Miami-Dade County

Miami-Dade man in wrong-way crash that killed 4 was on drugs, tests show

The Miami-Dade man accused of killing four California tourists in a horrific wrong-way car crash on Interstate 95 tested positive for marijuana and cocaine, newly released evidence shows.

Prosecutors released Willie Dumel’s toxicology report five months after he allegedly zoomed up the off-ramp while being pursued by an Opa-locka police officer trying to pull him over for a traffic infraction.

Dumel, who suffered broken legs in the crash, is jailed while awaiting trial on four counts of manslaughter and other felonies. So far, Dumel has not been charged with driving under the influence.

The toxicology report, completed by a lab at the University of Miami, showed Dumel’s blood tested positive for the active ingredients in cocaine and marijuana, as well as morphine — which likely was administered at the hospital following the crash.

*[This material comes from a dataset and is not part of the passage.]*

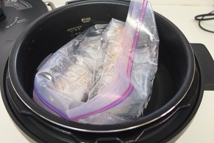 さらにもう1枚ラップで包んだ鶏むね肉を、空気を抜きながらジップロックに入れ、そのジップロック2袋を、水を張った内鍋に入れました。水が最大水位を超えないようにしましたが、ジップロックは浮いた状態で、低温調理中もお湯がうまく循環してくれそうです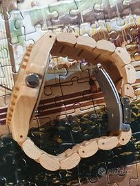 orologio con cassa e cinturino in legno naturale. Uwood cassa da 45mm al quarzo batteria Sr626sw Sony

Dumel’s defense attorney, Andrew Rier, said the toxicology report only shows he had ingested drugs sometime in the days before the crash.

“There is no way for the state to know exactly if they influenced his ability to drive at the time of the accident,” Rier said.

The fiery wreck has drawn scrutiny on Opa-locka police and led to a lawsuit against the department and the officer, Sergio Perez, filed by relatives of the dead tourists.

“If you have someone on drugs, and potentially driving erratically, that’s all the more reason you don’t chase them the wrong way up the entrance of the 95,” said Miami lawyer Edward Blumberg, who is suing Opa-locka police on behalf of two of the victims.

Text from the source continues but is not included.